No, other than to ask the manufacturer which tannery they buy their hides from and then ask the tannery directly. 
It's usually the cheap foreign leather and some cheaper European hides that are the worst offenders as they don't "fix" the dye properly to stop it leeching out.


----------



## ycbm (27 March 2015)

Oz, if I don't want to bother making my own, which commercial conditioner would you recommend please?


----------



## PorkChop (27 March 2015)

ycbm said:



			Oz, if I don't want to bother making my own, which commercial conditioner would you recommend please?
		
Click to expand...

You can buy it directly from Oz - thats what I do because I am a lazy bum - the link is earlier in the thread


----------



## cremedemonthe (27 March 2015)

LJR said:



			You can buy it directly from Oz - thats what I do because I am a lazy bum - the link is earlier in the thread 

Click to expand...

lol


----------



## Beausmate (27 March 2015)

I bought some too.  It's not that much hard work if you have warm hands.  I found it quite therapeutic 

Unfortunately, lack of equipment makes the DIY stuff impossible to make....  And I'm a lazy bum


----------



## jojo5 (28 March 2015)

Cornbrodolly - where do you get the stuff you refer to - pad fields leather elixir?
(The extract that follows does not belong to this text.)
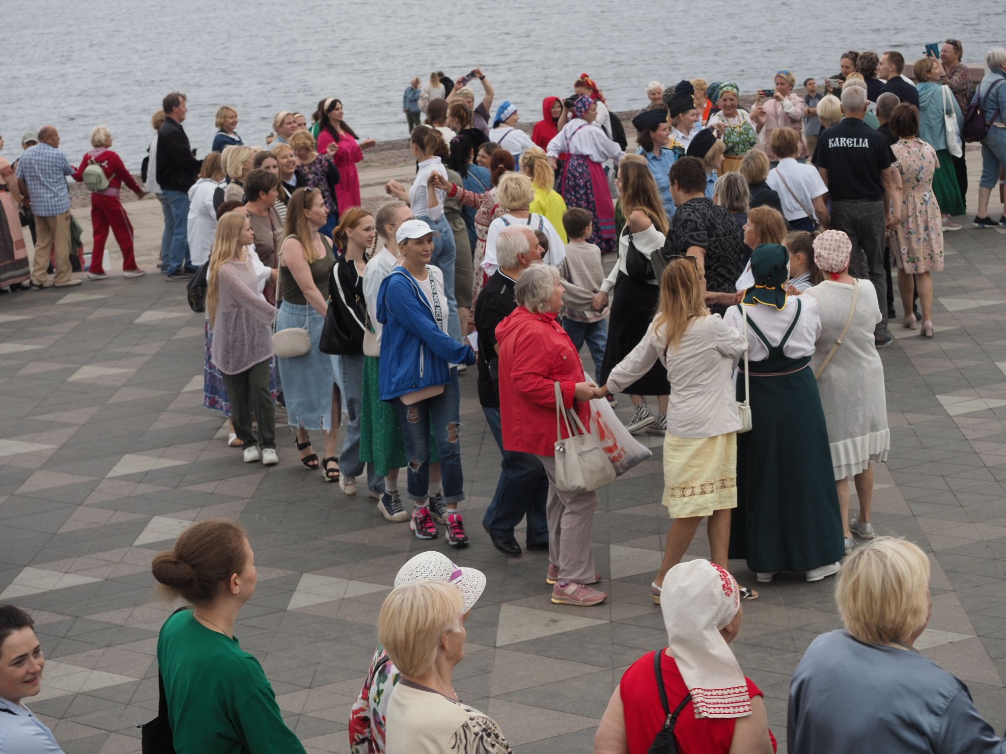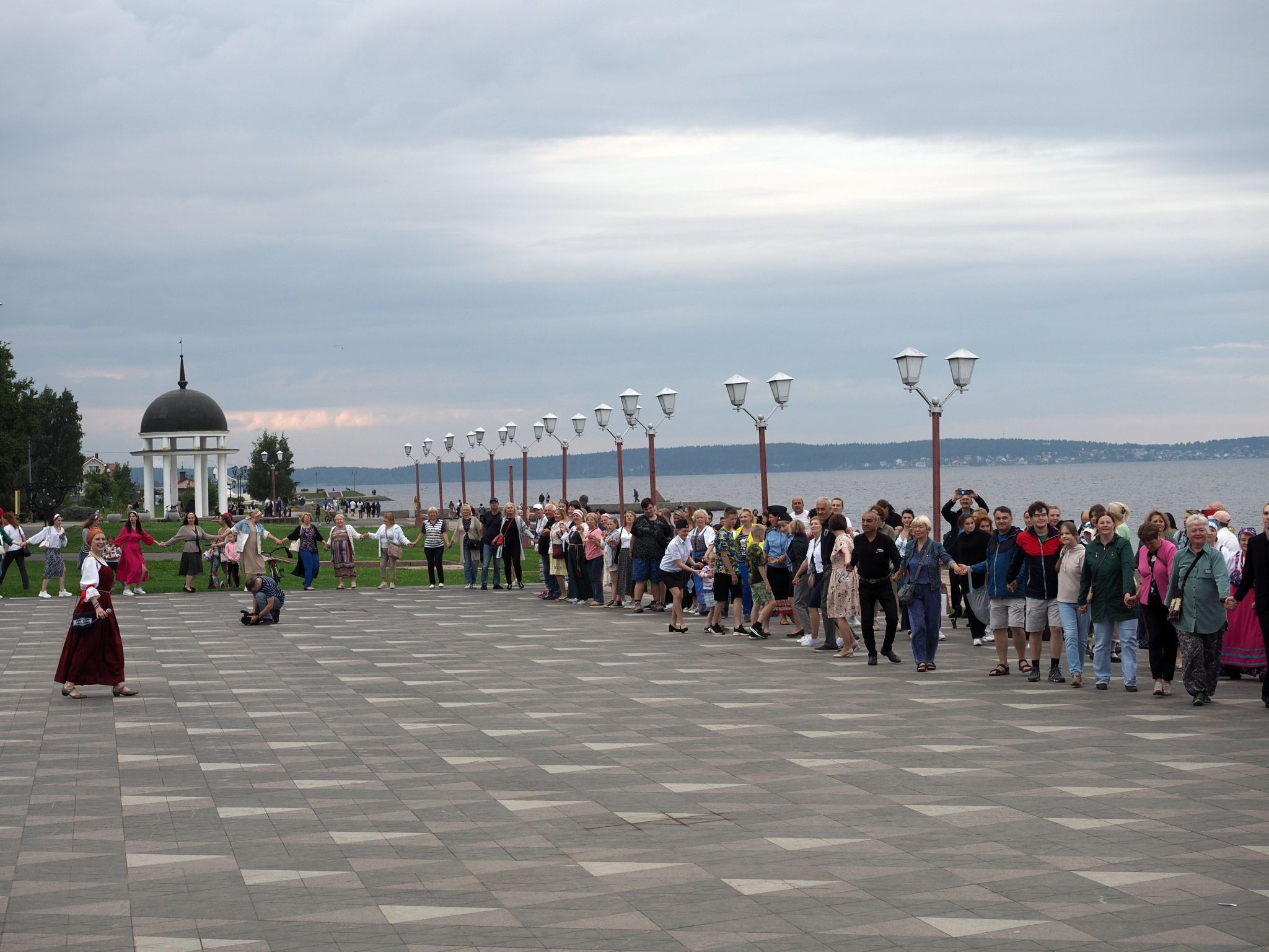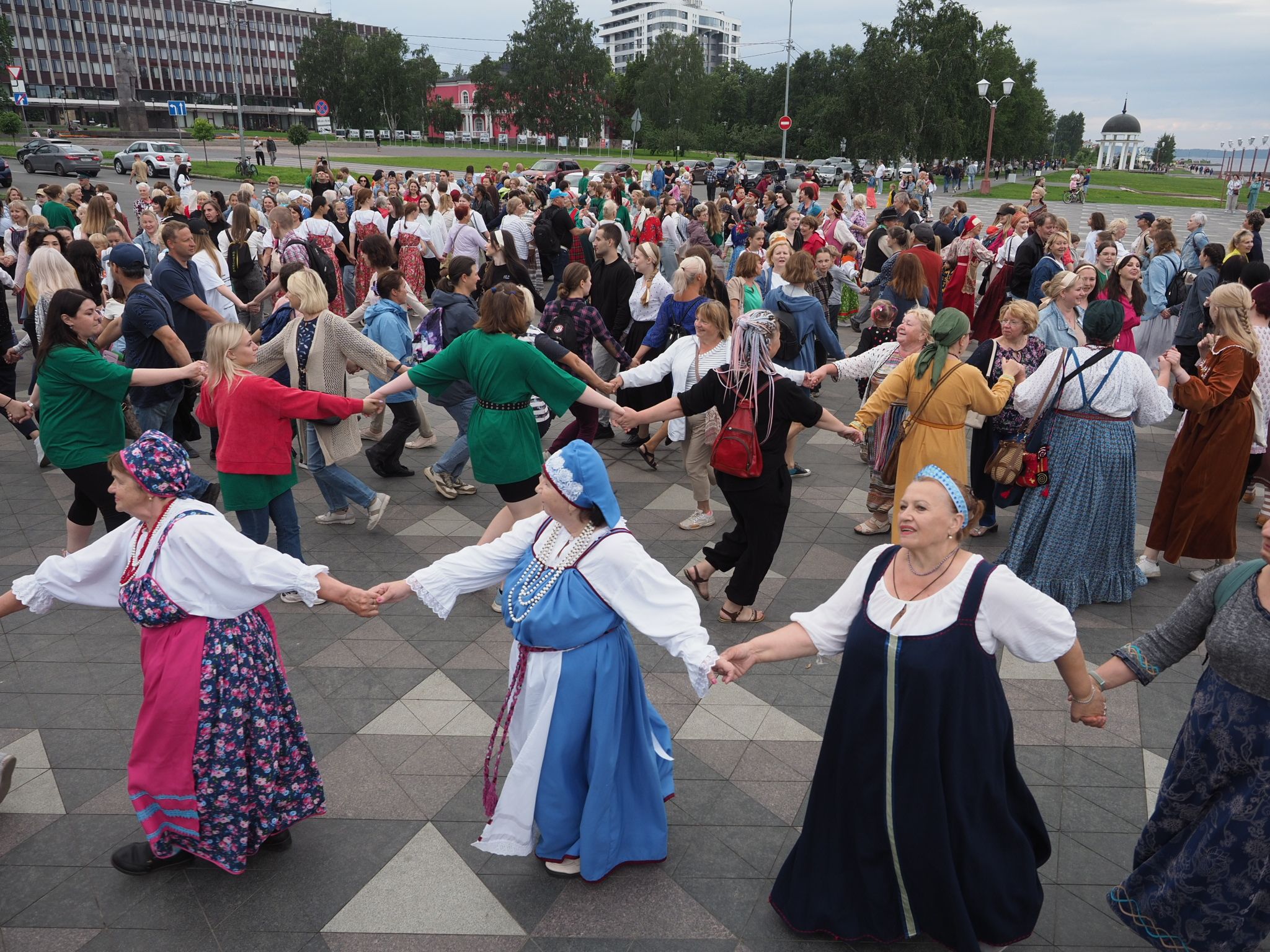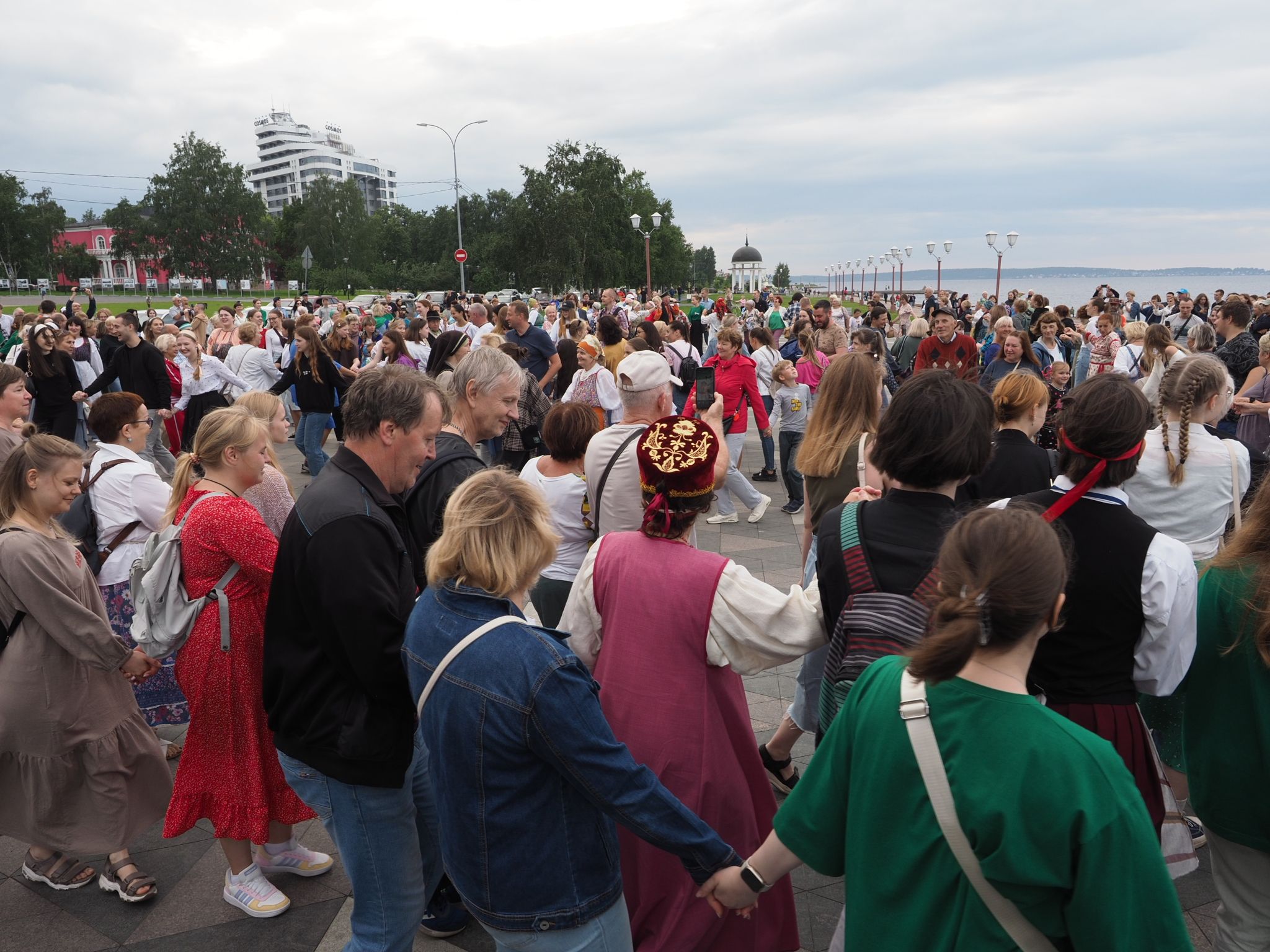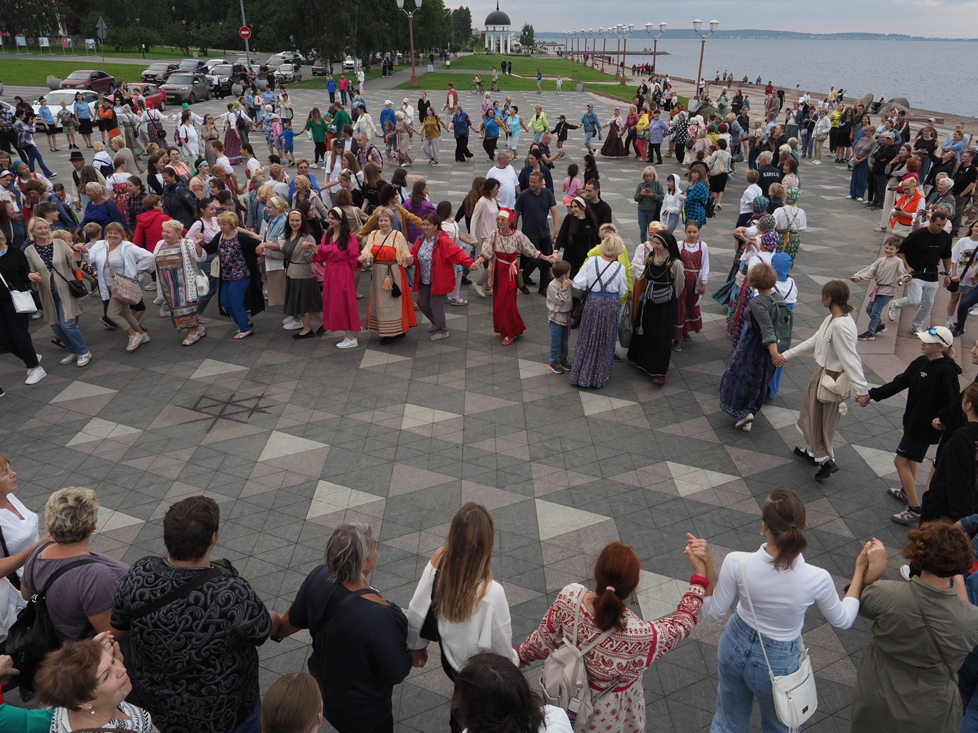 Министерство национальной и региональной политики республики проводит флешмоб «Карельская крууга» с 2019 года. Акция стала ежегодной. В прошлый раз она проходила на площади Кирова, а в этот сменила площадку – петрозаводчане и гости карельской столицы закружились в танце на Онежской набережной.

I heard of this years ago I think but can't find it now.


----------



## Joyous70 (12 June 2015)

Am a lazy bum also  have just ordered a tub of your conditioner Oz, for my lovely new saddle, I will enjoy sitting in the garden in the sunshine doing both my saddle & bridle.


----------



## cremedemonthe (12 June 2015)

Joyous70 said:



			Am a lazy bum also  have just ordered a tub of your conditioner Oz, for my lovely new saddle, I will enjoy sitting in the garden in the sunshine doing both my saddle & bridle.
		
Click to expand...

It will make your hands very soft too!
Oz


----------



## lannerch (1 May 2021)

cremedemonthe said:



			I get asked on UK horse forums how to make and care for veg tanned saddlery leather and have been asked on here a few times recently so resurrecting this old post, hope it helps.
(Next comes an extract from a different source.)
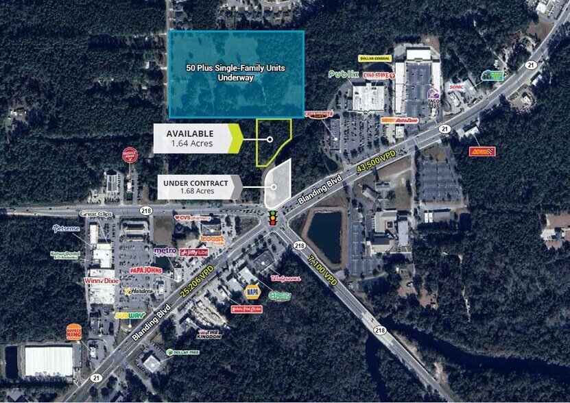 Ce terrain commercial de 1,64 acre offre une excellente visibilité et accessibilité à l'intersection de Blanding Blvd et CR 218. Zoné pour un usage commercial et situé près d'un corridor à fort achalandage, la propriété est parfaitement adaptée aux entreprises de détail ou de services. Avec un centre commercial Publix adjacent et de nouveaux développements résidentiels en cours à proximité, cet emplacement bénéficie d'une forte demande des consommateurs et d'un flux de circulation soutenu.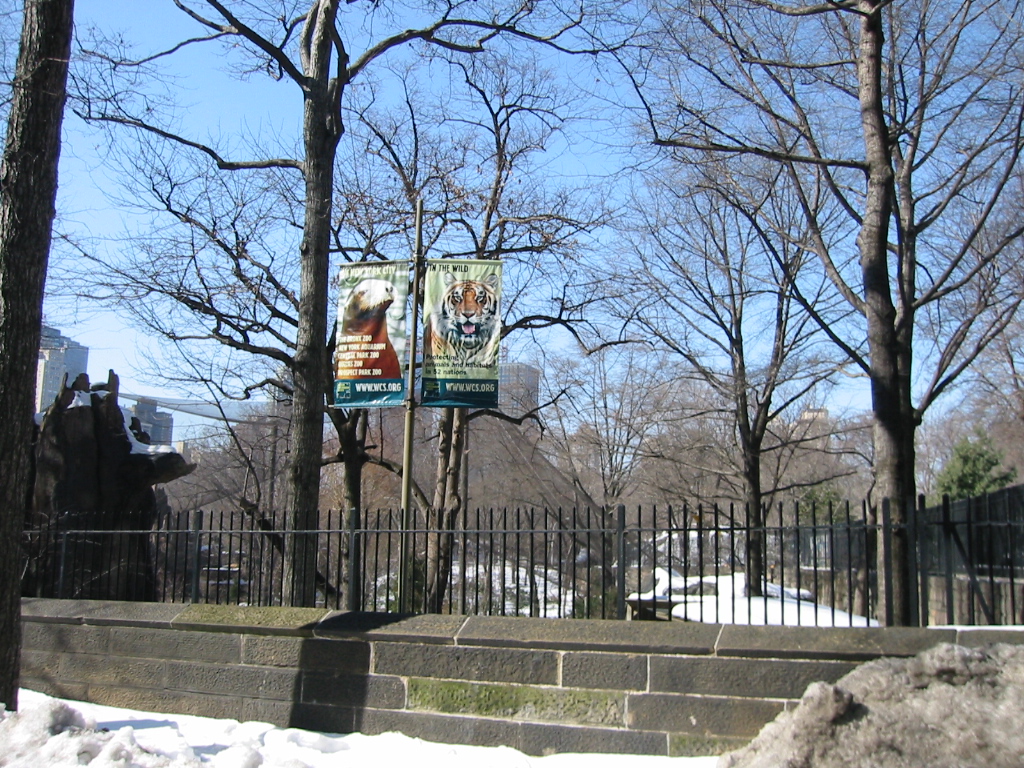 雪道をメトロポリタン美術館に向かう、ニューヨーカーがセントラルパークでどのように、過ごしてるのか見たかったので、バスにも乗らずに除雪していない道を歩いていくと「ZOO」の文字が見えた ほんとに動物園で虎やアザラシの旗も見えた

Firstly a bit about oiling and veg tanned leather.
NEATSFOOT OIL, is a popular choice to condition modern hides BUT although modern neatsfoot oil is still made from cattle-based products, it has a tendency to speed oxidation of the leather.
If mineral oil or other petroleum-based material is added, the product may be called "neatsfoot oil compound".
Some brands have also been shown to be adulterated with rapeseed oil, soya oil, and other oils.
The addition of mineral oils may lead to more rapid decay of non-synthetic stitching or speed breakdown of the leather itself
AVOID!
You won't always see the damage to the fibres of the hide with the naked eyes and think it's ok to use it but you get down to the cellular level and look at the fibres under a microscope of hide oiled with neatsfoot and you'll see what I mean.

LEATHER CONDITIONER:
All veg tanned leather will lose moisture everyday whether it's used or not, best thing to condition leather to make it last is any product without any silicone or preservatives (that some modern leather conditioners contain)  includes, tallow, bees wax and lanolin or all 3 if possible.
I make my own leather conditioner simply because I use so much veg tan in my trade, I have hides that I have hand dressed that are at least 25 years old when I first trained and are as good as new.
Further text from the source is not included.